Tha Mae Young picture will give me night terrors you know
That was really unnecessary. Could you have at least pixilated that?
Its not even real
Gives new meaning to the term “Torture Rack”, doesn’t it?
At least you didn’t have to experience it in person.
I could swear when I was younger I had a box of WCW valentines cards. And they were just as silly as, well, every other valentine’s card I ever saw, if not moreso.
Apparently I can get a box of them off ebay for $11, what a steal!
Rat poison or ipecac would have pretty much the same effect wouldn’t it?
I one time gave a Disco Inferno Valentine to a girl i liked. Surprisingly enough, i got a kiss for it. Who says WCW was always bad?
What about a Valentine’s Day card of Kane burning Jim Ross?
“Baby, you set my heart on fire.”
Or better yet how about a card with Triple H have mock sex with Katie Vick
“Baby you’re dead sexy.”
The Mae Young one is going to haunt my dreams.
Ick.
Is Mae Young an Abzorbaloff from the planet Clom?
{In reference to Mae Young}
My Eyes, My Eyes
It Burns, It Burns
Damn you RD
i have these… got them stashed in with my other wrestling stuff
I had older ones. In fact, I still have an Ultimate Warrior one floating around somewhere.
Hmmmm… what a nice V day give to someone you really don’t like. Its either that or the Rat Poison.
Amazing blast from the past. My favorite is the maze.
How disadvantageous for your plebian readers that inhabit this site. They will not procure a solution to this childish puzzle you concocted. Sincerely yours, Mr. Bob Backlund. p.s. that Jonathan Taylor Thomas kid is still a prick.
Wow! Very good! 🙂
Were any of these actually ever made? Like the non-insane ones?
I have those I also have the WCW and nWo ones, I bought them and had no plans on giving them away
im pretty sure i bought these
I’m with Jimbolian on that. I spent Christmas and Bday money on my $300+ ticket to RR2000. So I paid to watch maybe the worst actual rumble match and Mae Youngs hound dogs. Fake or not it’s still a haunting image. At least I got a ommemorative chair to take home and two good matches of memories .

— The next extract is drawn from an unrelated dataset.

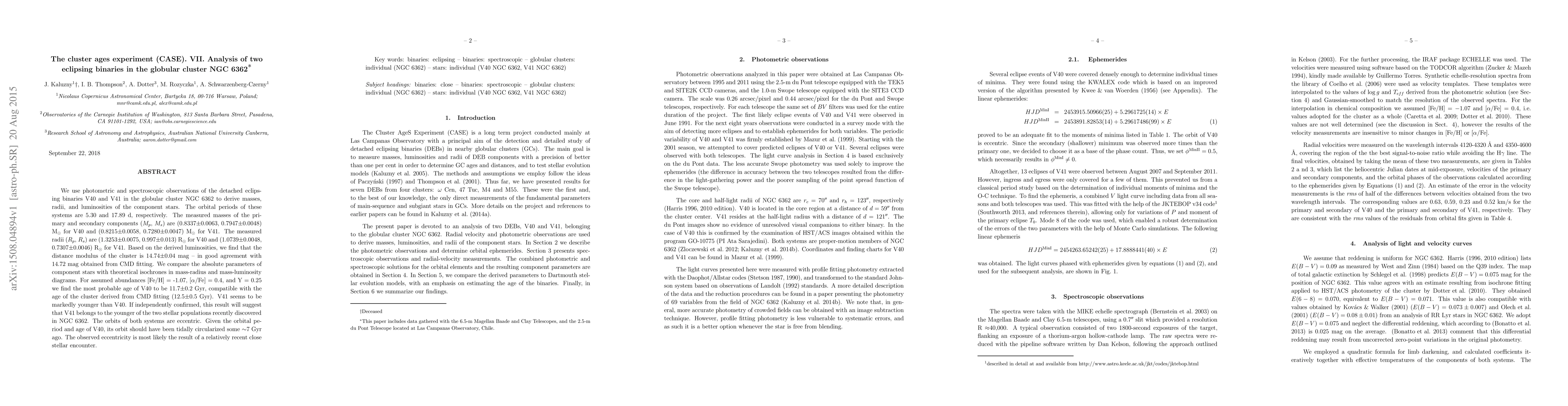 We use photometric and spectroscopic observations of the detached eclipsing binaries V40 and V41 in the globular cluster NGC 6362 to derive masses, radii, and luminosities of the component stars. The orbital periods of these systems are 5.30 and 17.89 d, respectively. The measured masses of the primary and secondary components ($M_p$, $M_s$) are (0.8337$\pm$0.0063, 0.7947$\pm$0.0048) M$_\odot$ for V40 and (0.8215$\pm$0.0058, 0.7280$\pm$0.0047) M$_\odot$ for V41. The measured radii ($R_p$, $R_s$) are (1.3253$\pm$0.0075, 0.997$\pm$0.013) R$_\odot$ for V40 and (1.0739$\pm$0.0048, 0.7307$\pm$0.0046) R$_\odot$ for V41. Based on the derived luminosities, we find that the distance modulus of the cluster is 14.74$\pm$0.04 mag -- in good agreement with 14.72 mag obtained from CMD fitting. We compare the absolute parameters of component stars with theoretical isochrones in mass-radius and mass-luminosity diagrams. For assumed abundances [Fe/H] = -1.07, [$\alpha$/Fe] = 0.4, and Y = 0.25 we find the most probable age of V40 to be 11.7$\pm$0.2 Gyr, compatible with the age of the cluster derived from CMD fitting (12.5$\pm$0.5 Gyr). V41 seems to be markedly younger than V40. If independently confirmed, this result will suggest that V41 belongs to the younger of the two stellar populations recently discovered in NGC 6362. The orbits of both systems are eccentric. Given the orbital period and age of V40, its orbit should have been tidally circularized some $\sim$7 Gyr ago. The observed eccentricity is most likely the result of a relatively recent close stellar encounter.
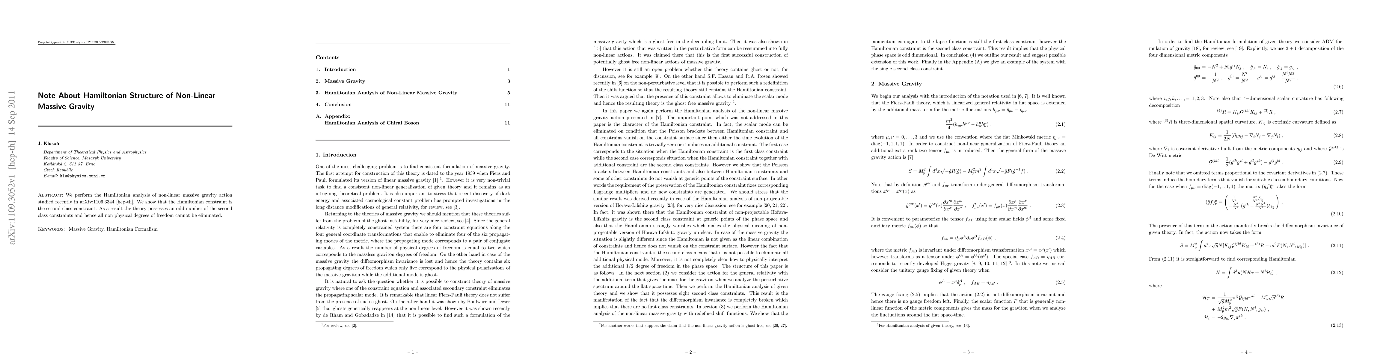 We perform the Hamiltonian analysis of non-linear massive gravity action studied recently in arXiv:1106.3344 [hep-th]. We show that the Hamiltonian constraint is the second class constraint. As a result the theory possesses an odd number of the second class constraints and hence all non physical degrees of freedom cannot be eliminated.

Every freakin’ time I think those Mae images will finally go away in my mind…ahhh the pain. I almost feel my face could melt like in Raiders of the Lost Ark. That would be a good finishing move to have though…face melt and head explosion. Cena no sells it and hits you with the five knuckle shuffle. Damn with his head gone he really couldn’t see me now.

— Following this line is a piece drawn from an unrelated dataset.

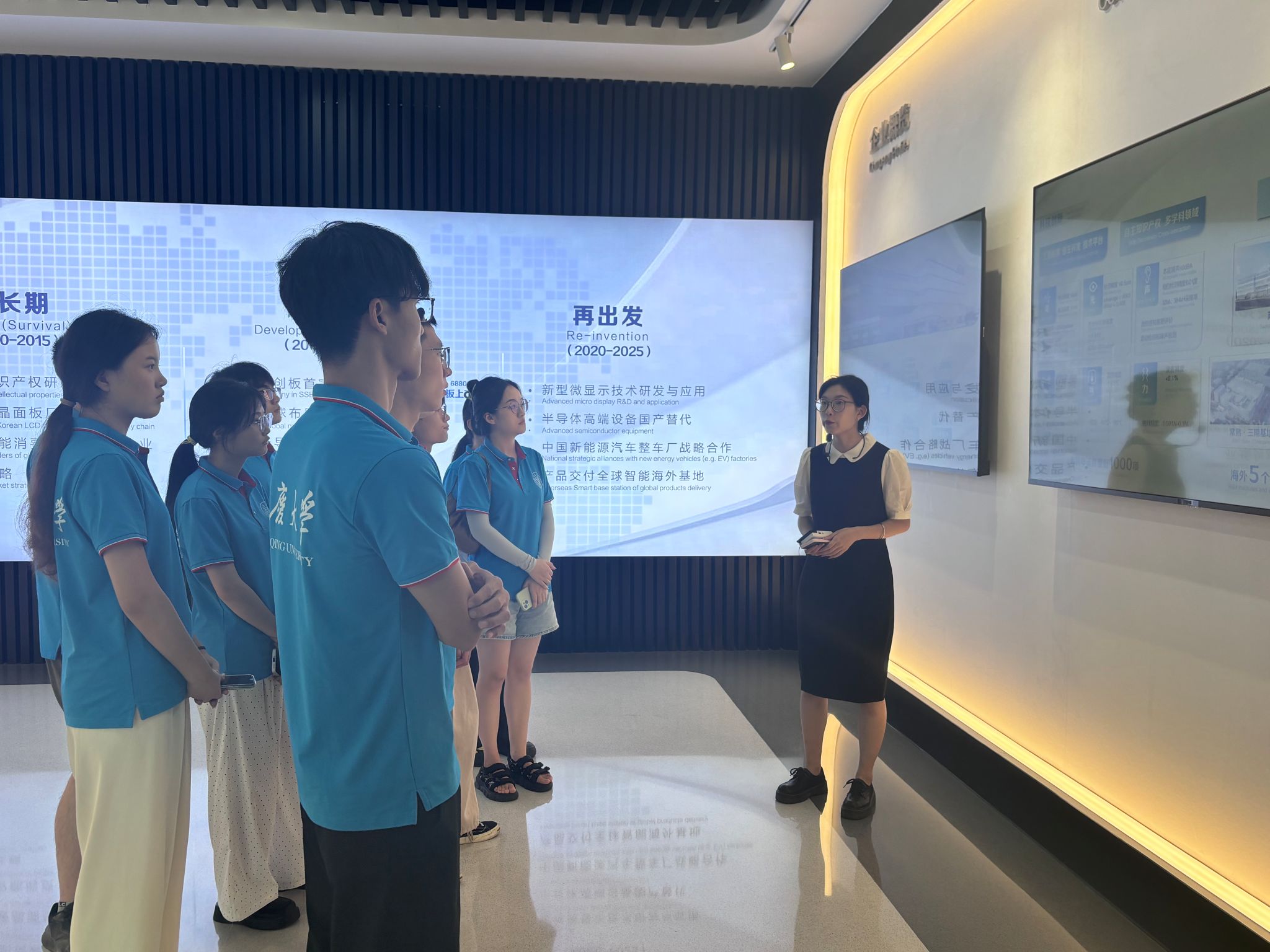 在解说员的引领下,实践团重走了习近平总书记2023年7月在华兴源创考察时的路线。解说员生动讲解了展厅中各种高精尖检测设备的工作原理和应用成果,涵盖了OLED、LCD、半导体和新能源汽车检测等多个技术前沿领域,全面展示了华兴源创卓越的技术实力和创新能力。创业19年来,华兴源创荣获了企业技术中心和制造业单项冠军等多项省级、国家级荣誉,荣誉墙上的证书和奖杯无不彰显着华兴源创在“创”造、“智”造和“质”造方面的突出成就。

They need to save the Mae Young card for Halloween, that was the most horrifying image I’ve seen in a long time.
Gah!
I will say this, I am glad that I was out of elementary school after I became a wrestling fan. In hindsight, and if this were to have happened, I would have been embarrassed giving these out. I know wrestling was hot at some point and I was into it during that time, but there are some things that I cringe about in hindsight.
Ya think Triple ….uhhhh …. H left one of his Valentine’s in Katie Vick’s casket?
I got one of these in the 5th grade! Had Jericho on it and it said “You’re the best valentine eeeeeeeeeeeeeeeeeveeeeeeer!!!!”
Taker in 1999 needed a where to Valentine one.
It would be great if we could get some new versions of these cards. My girl has been complaining about getting the same, misspelled Snake card every year!